First session of 15th Lok Sabha begins today
The first session of the 15th Lok Sabha begins on Monday as a resurgent Congress-led United Progressive Alliance (UPA) was set to start a new innings and a humbled Bharatiya Janata Party (BJP) said it would play the role of a “constructive opposition.”
The session will begin with the formal swearing in of the 543 newly elected MPs. Two days have been earmarked for the procedure that will be followed by the election of the Lok Sabha speaker on Wednesday and President Pratibha Patil’s address to a joint session of parliament on Thursday.
The BJP on Sunday said it would play the role of a “constructive opposition”.
The Congress won 206 seats, up from 145 in 2004, while the BJP got 116 as against 138 earlier. The UPA’s tally is 263.

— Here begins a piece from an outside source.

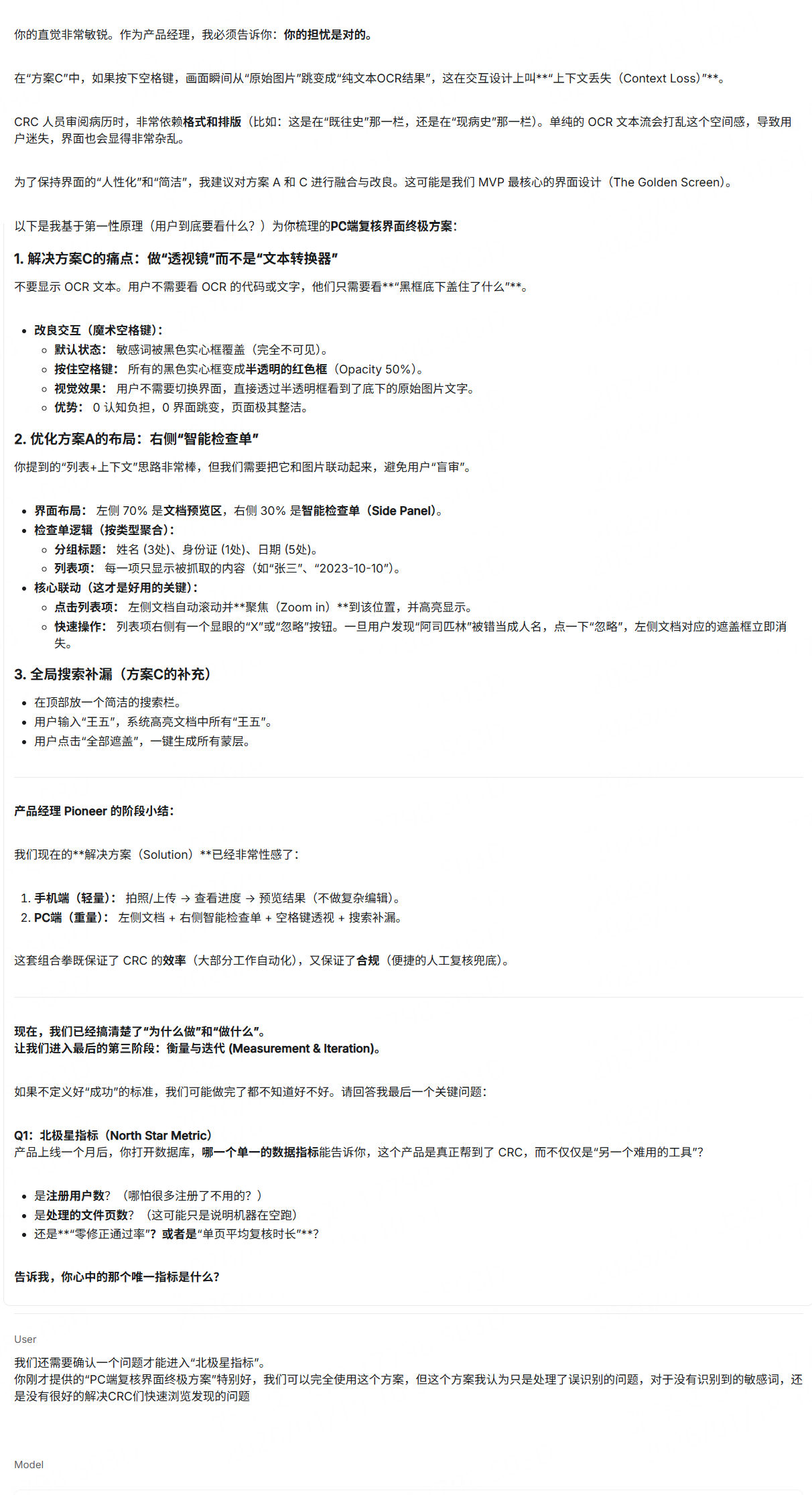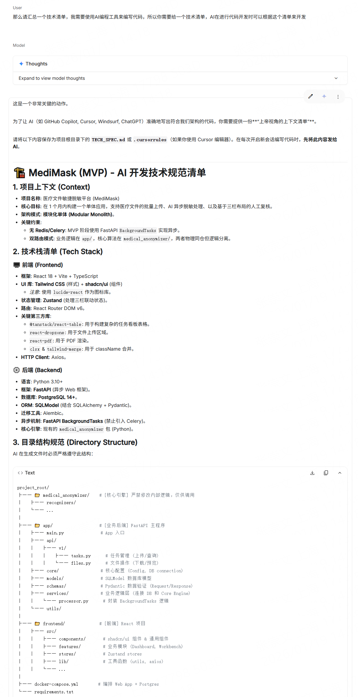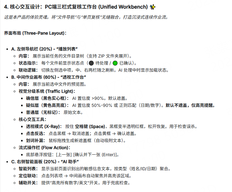 这是一份可复用的 AI 辅助编程参考样例。过程中使用了不同模型与工具的优势能力。核心理念是以人为本 :以自己的核心思路为基础,让模型帮你扩展成完整、具体、可落地的产品文档。核心思路一定是人 的,模型只是用于激发与拓展人的思路。

“We will sit in the opposition and play the role of a constructive opposition,” party vice-president Mukhtar Abbas Naqvi told IANS, just ahead of an evening meeting of the party’s MPs to elect senior leader LK Advani as the opposition leader and chalk out the strategy for the parliament session.

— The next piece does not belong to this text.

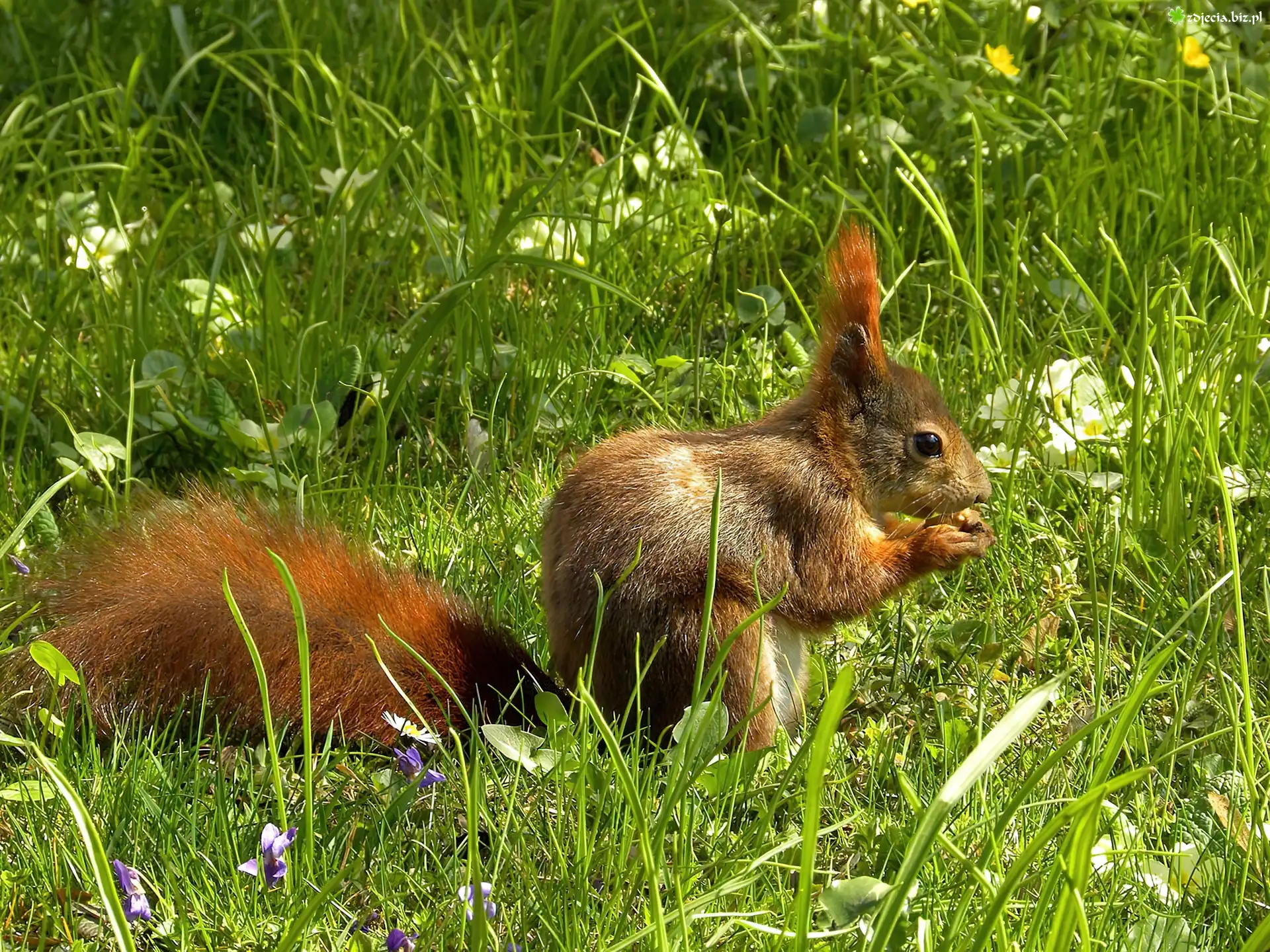 Zdjęcie Wiewiórka, Jedząca, Orzecha, Łąka

“Let the government do the good work as it promised, we will sit in the opposition,” BJP veteran M. Venkaiah Naidu told a TV channel.

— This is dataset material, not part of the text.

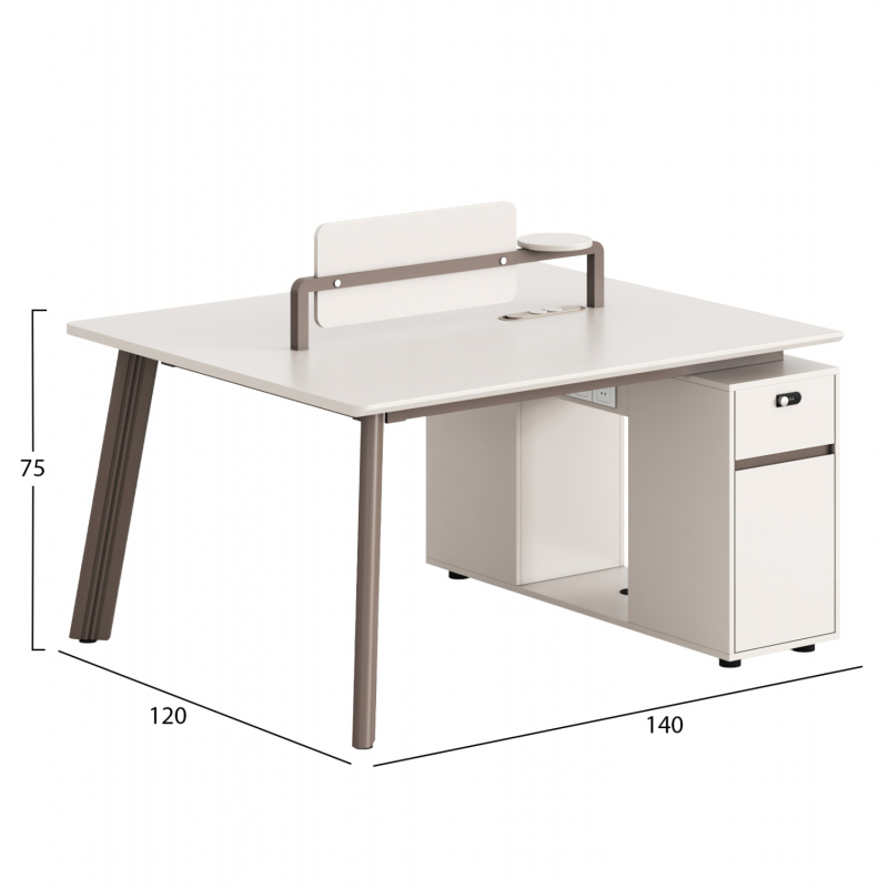 Σταθμός Εργασίας 2 Θέσεων NEWLINE ________________________________________ • Σύγχρονος σταθμός εργασίας 2 θέσεων, ιδανικός για οργανωμένους και αποδοτικούς επαγγελματικούς χώρους. • Μελαμίνη σε κρεμ απόχρωση που προσφέρει φωτεινή και ουδέτερη αισθητική και πόδια αλουμινίου σε ανοιχτό καφέ. ________________________________________ Υλικά: •Κατασκευή από μελαμίνη υψηλής ποιότητας •Πόδια από αλουμίνιο •Ανθεκτικά υλικά για καθημερινή επαγγελματική χρήση ________________________________________ Τι μας αρέσει: •Σταθμός/Γραφείο 2 θέσεων με ενιαία και λειτουργική διάταξη •Έτοιμη εγκατάσταση με πρίζες στο κάτω μέρος •Συρτάρια με κλειδαριά και ντουλάπια για οργάνωση της εργασίας •Ιδανικός για open space γραφεία και εταιρικά περιβάλλοντα ________________________________________ Συντήρηση: •Καθαρισμός επιφανειών με μαλακό, ελαφρώς νωπό πανί •Αποφυγή έντονης υγρασίας και λειαντικών υλικών ________________________________________ Διαστάσεις: •120x140x75Υ εκ.

Meira Kumar, 64, the water resources minister in the new government, is set to be the Congress choice for the post of the Lok Sabha speaker, party sources said.
If elected, Meira Kumar, a Dalit and daughter of the late Jagjivan Ram, will be the first woman to preside over the lower house of parliament.
Prime Minister Manmohan Singh’s full cabinet met on Saturday and finalised the president’s address to parliament. It is expected to focus on his government’s moves to strengthen welfare schemes and boost the economy.
The president’s address, extensively worked on by Manmohan Singh himself, will unveil the government’s agenda for the year in tune with the policies and programmes of the Congress party and its allies.
Soon after securing a decisive mandate, Manmohan Singh had promised a 100-day action plan for his government and he is expected to give emphasis to the UPA’s unfinished agenda.
Among other issues that will figure prominently in the president’s address are strengthening of key social sector programmes like the National Rural Employment Guarantee and Bharat Nirman schemes.
There will be a debate June 5, 8 and 9 on the president’s address after which the Lok Sabha and the Rajya Sabha, which convenes June 4, will pass a motion of thanks before adjourning.
The budget session of parliament is likely to begin in the first week of July.